The task
From the records that follow, return exactly the lines beginning at the one that contains "Kayseri Kariyer Merkezi, öte" and ending at the one that contains "分類はシュラブですが、3mほ", pictures left out.

Material provided
▼

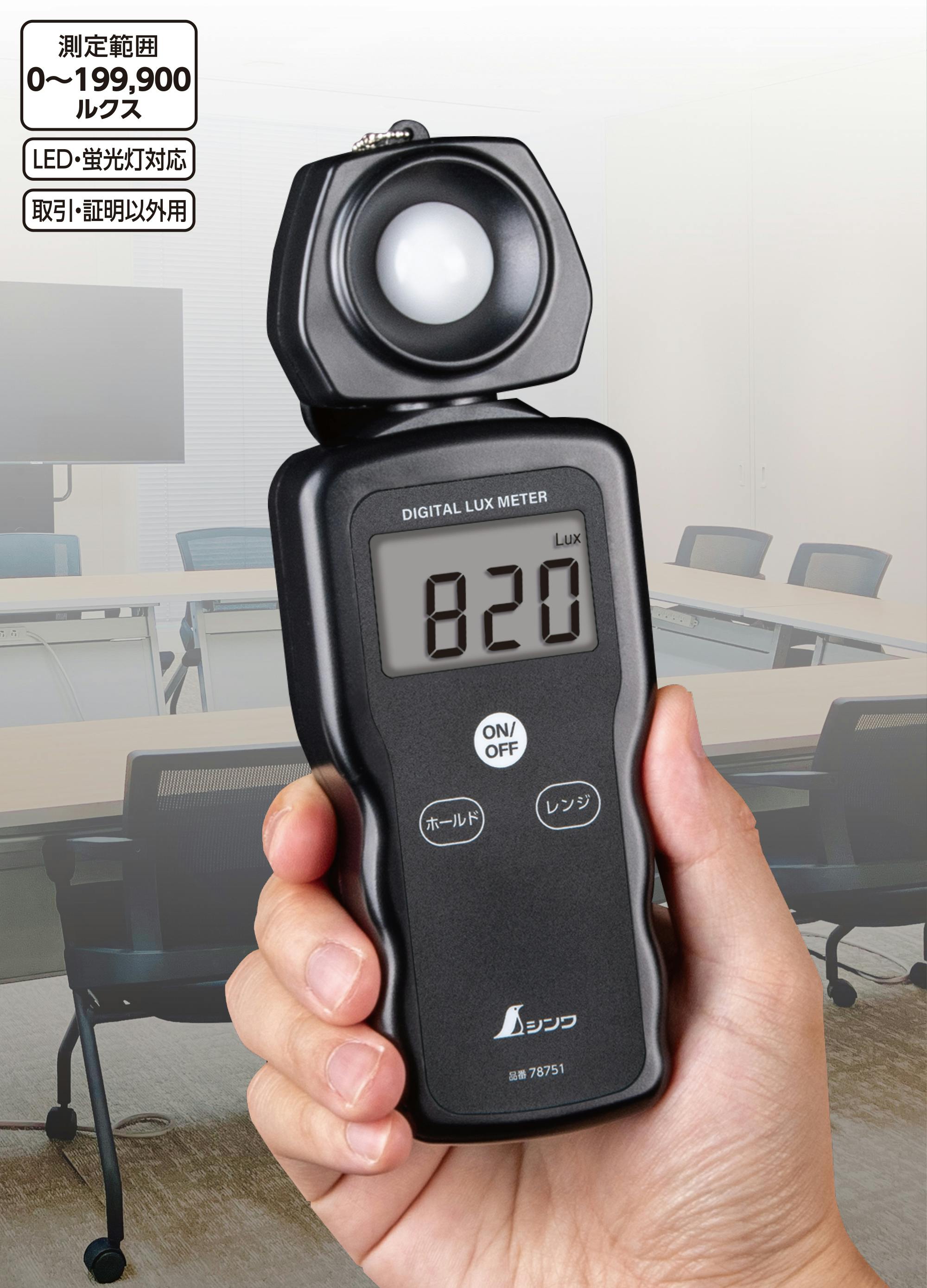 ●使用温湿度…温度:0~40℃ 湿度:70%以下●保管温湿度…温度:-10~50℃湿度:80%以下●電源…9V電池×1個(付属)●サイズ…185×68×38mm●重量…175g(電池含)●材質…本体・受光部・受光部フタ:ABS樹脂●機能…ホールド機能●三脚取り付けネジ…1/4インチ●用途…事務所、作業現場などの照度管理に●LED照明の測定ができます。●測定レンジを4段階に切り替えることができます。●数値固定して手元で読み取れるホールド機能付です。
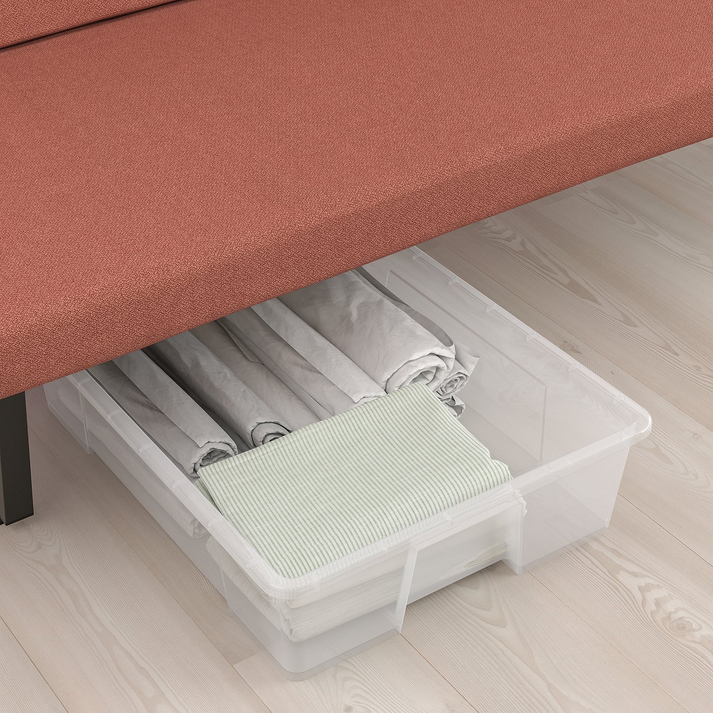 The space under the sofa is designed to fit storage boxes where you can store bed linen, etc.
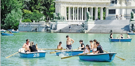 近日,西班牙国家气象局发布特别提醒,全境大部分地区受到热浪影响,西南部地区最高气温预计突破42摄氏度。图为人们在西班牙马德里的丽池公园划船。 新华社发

▲
▼

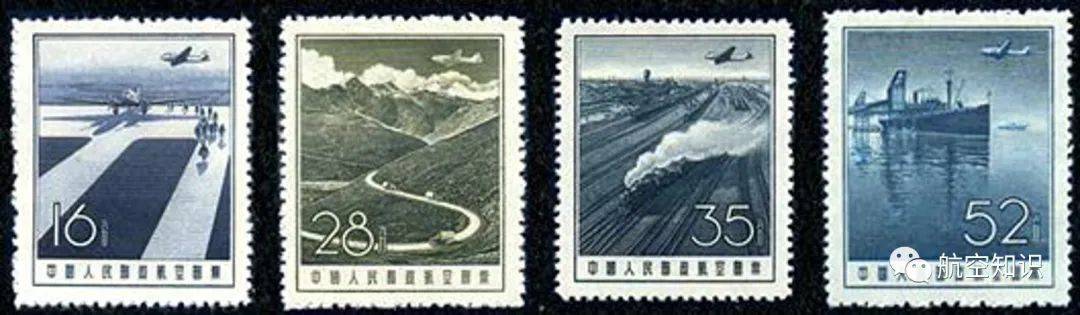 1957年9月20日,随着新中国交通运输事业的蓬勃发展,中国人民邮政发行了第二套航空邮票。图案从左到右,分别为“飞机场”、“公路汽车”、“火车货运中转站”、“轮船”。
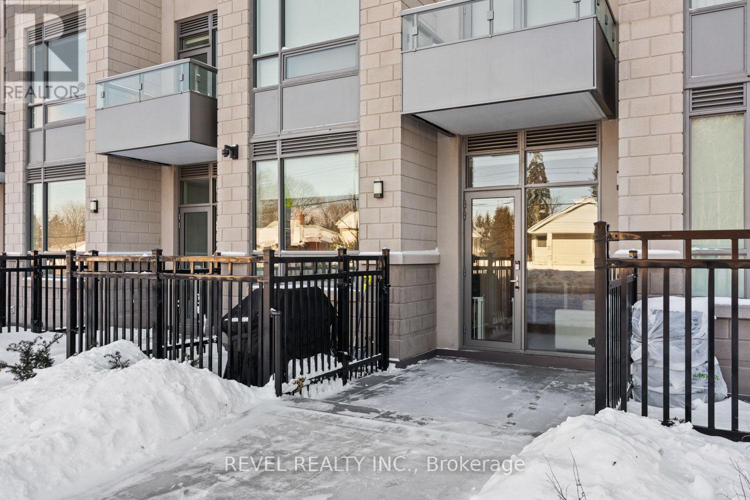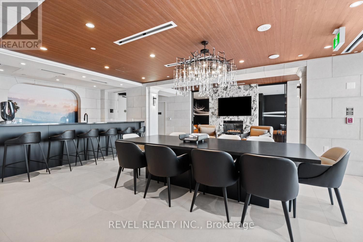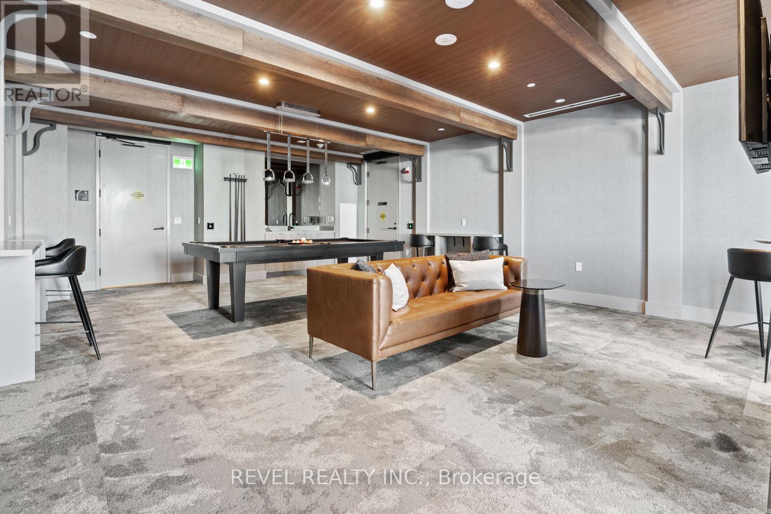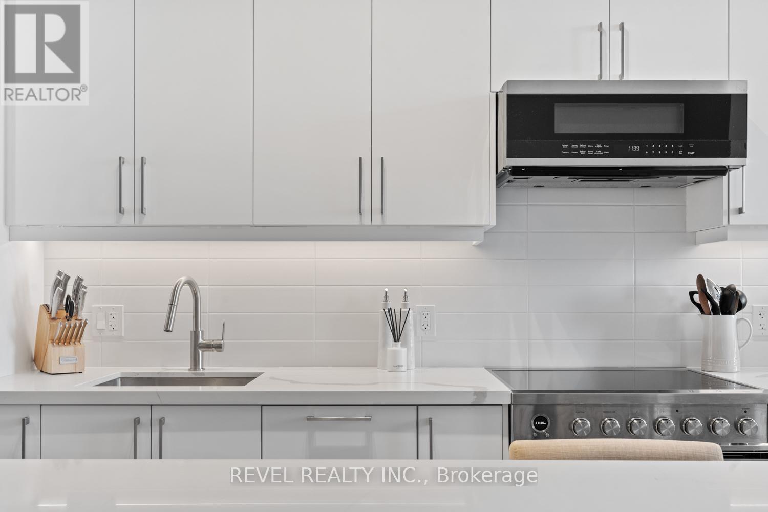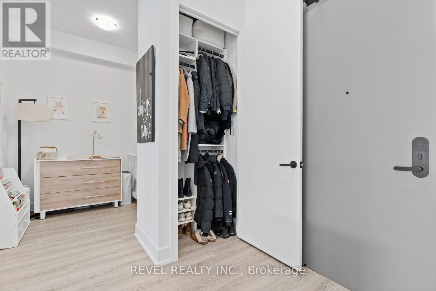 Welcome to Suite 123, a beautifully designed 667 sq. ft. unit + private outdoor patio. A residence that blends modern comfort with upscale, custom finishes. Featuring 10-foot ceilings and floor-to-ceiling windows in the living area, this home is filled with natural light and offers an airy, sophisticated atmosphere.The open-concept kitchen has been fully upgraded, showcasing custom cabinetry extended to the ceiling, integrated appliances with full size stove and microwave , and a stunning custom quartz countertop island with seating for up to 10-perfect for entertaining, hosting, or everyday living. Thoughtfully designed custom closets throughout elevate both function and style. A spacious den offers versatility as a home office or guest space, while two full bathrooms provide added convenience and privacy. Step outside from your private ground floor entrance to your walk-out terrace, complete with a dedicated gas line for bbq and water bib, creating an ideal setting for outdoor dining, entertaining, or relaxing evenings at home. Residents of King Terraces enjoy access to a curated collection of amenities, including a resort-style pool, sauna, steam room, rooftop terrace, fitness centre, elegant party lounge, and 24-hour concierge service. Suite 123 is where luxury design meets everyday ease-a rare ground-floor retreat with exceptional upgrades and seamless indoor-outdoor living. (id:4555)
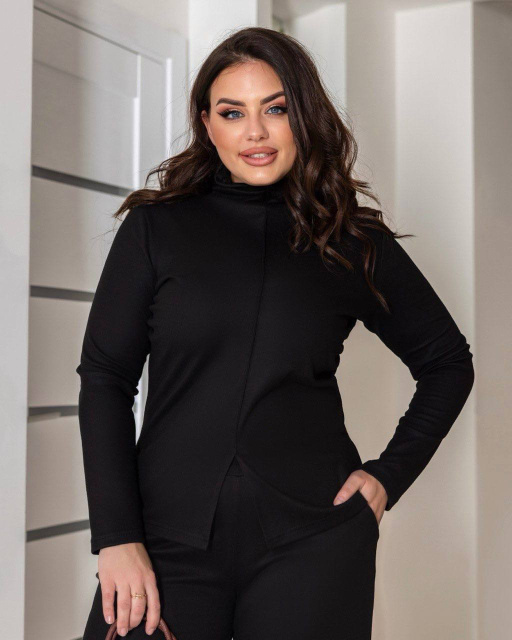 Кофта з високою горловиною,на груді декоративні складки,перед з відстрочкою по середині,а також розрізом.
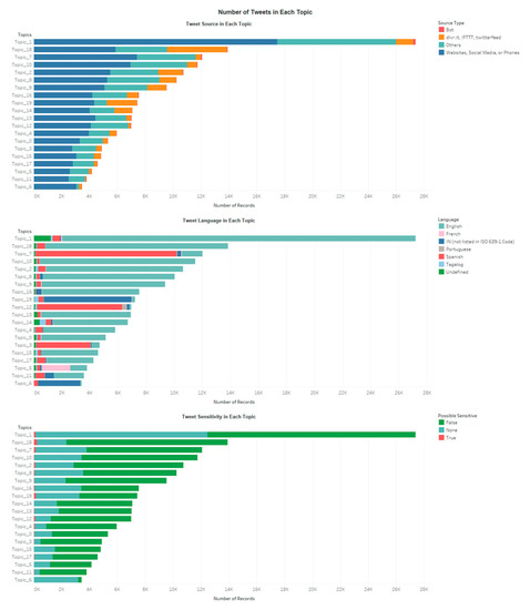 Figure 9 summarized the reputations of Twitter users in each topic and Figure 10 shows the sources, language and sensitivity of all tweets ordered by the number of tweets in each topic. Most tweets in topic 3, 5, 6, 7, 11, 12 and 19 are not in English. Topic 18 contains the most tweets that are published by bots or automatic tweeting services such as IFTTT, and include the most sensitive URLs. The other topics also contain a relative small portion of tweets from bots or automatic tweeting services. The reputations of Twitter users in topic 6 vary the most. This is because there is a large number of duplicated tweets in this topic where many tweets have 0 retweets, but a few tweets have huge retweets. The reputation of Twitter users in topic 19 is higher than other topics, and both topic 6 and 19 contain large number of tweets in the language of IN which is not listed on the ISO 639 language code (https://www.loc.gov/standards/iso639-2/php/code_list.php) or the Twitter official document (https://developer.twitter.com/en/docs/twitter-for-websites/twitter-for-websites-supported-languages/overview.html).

▲
▼

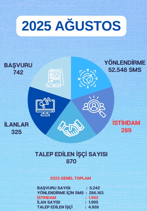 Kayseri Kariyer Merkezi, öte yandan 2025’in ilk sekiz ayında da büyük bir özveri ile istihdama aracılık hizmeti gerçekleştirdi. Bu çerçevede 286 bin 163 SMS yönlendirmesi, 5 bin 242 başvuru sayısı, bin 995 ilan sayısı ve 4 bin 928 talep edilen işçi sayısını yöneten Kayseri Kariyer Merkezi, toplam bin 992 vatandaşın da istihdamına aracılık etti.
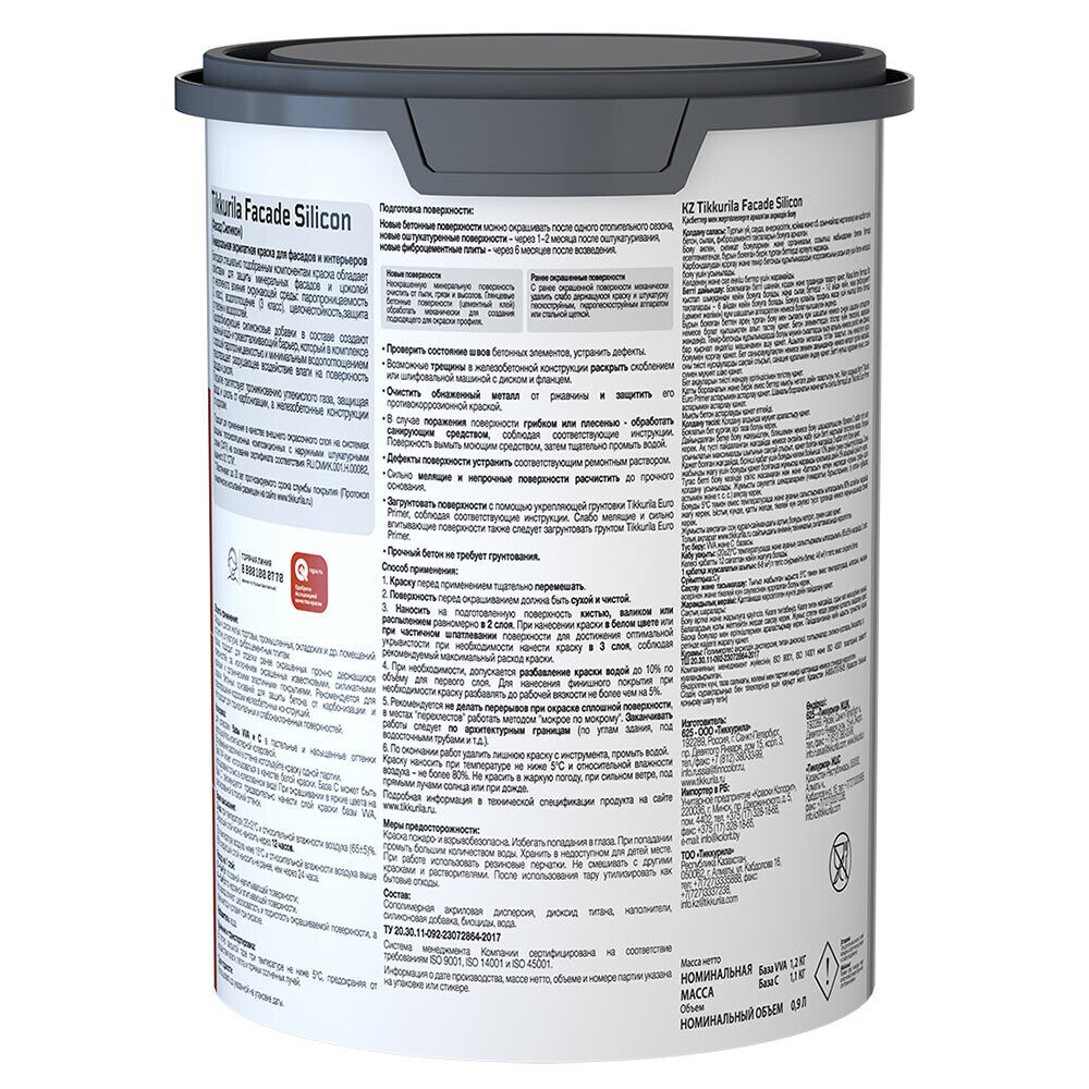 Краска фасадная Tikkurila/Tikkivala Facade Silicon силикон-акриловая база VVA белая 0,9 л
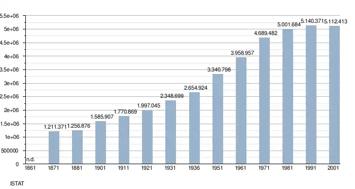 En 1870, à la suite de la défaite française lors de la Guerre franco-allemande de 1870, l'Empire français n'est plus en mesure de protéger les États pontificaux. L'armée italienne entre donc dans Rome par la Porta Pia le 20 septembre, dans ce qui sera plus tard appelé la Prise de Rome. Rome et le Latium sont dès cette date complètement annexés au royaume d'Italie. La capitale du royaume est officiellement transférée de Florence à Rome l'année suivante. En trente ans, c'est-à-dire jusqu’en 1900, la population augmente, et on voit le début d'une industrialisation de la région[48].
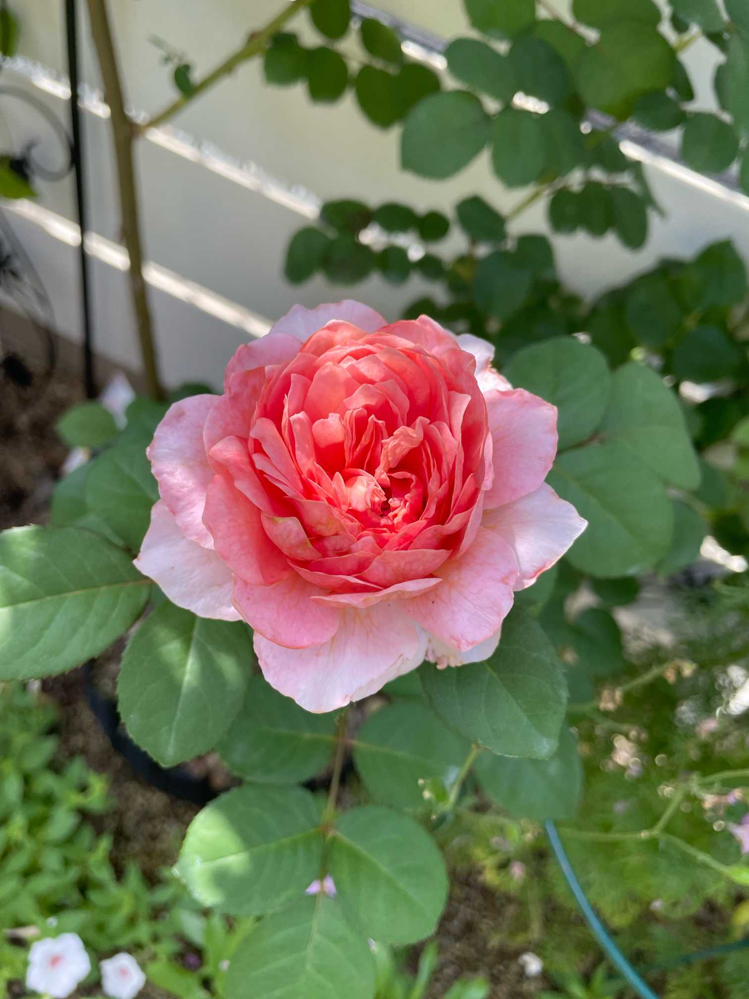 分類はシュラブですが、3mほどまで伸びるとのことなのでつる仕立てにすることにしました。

▲

Response
 Kayseri Kariyer Merkezi, öte yandan 2025’in ilk sekiz ayında da büyük bir özveri ile istihdama aracılık hizmeti gerçekleştirdi. Bu çerçevede 286 bin 163 SMS yönlendirmesi, 5 bin 242 başvuru sayısı, bin 995 ilan sayısı ve 4 bin 928 talep edilen işçi sayısını yöneten Kayseri Kariyer Merkezi, toplam bin 992 vatandaşın da istihdamına aracılık etti.
 Краска фасадная Tikkurila/Tikkivala Facade Silicon силикон-акриловая база VVA белая 0,9 л
 En 1870, à la suite de la défaite française lors de la Guerre franco-allemande de 1870, l'Empire français n'est plus en mesure de protéger les États pontificaux. L'armée italienne entre donc dans Rome par la Porta Pia le 20 septembre, dans ce qui sera plus tard appelé la Prise de Rome. Rome et le Latium sont dès cette date complètement annexés au royaume d'Italie. La capitale du royaume est officiellement transférée de Florence à Rome l'année suivante. En trente ans, c'est-à-dire jusqu’en 1900, la population augmente, et on voit le début d'une industrialisation de la région[48].
 分類はシュラブですが、3mほどまで伸びるとのことなのでつる仕立てにすることにしました。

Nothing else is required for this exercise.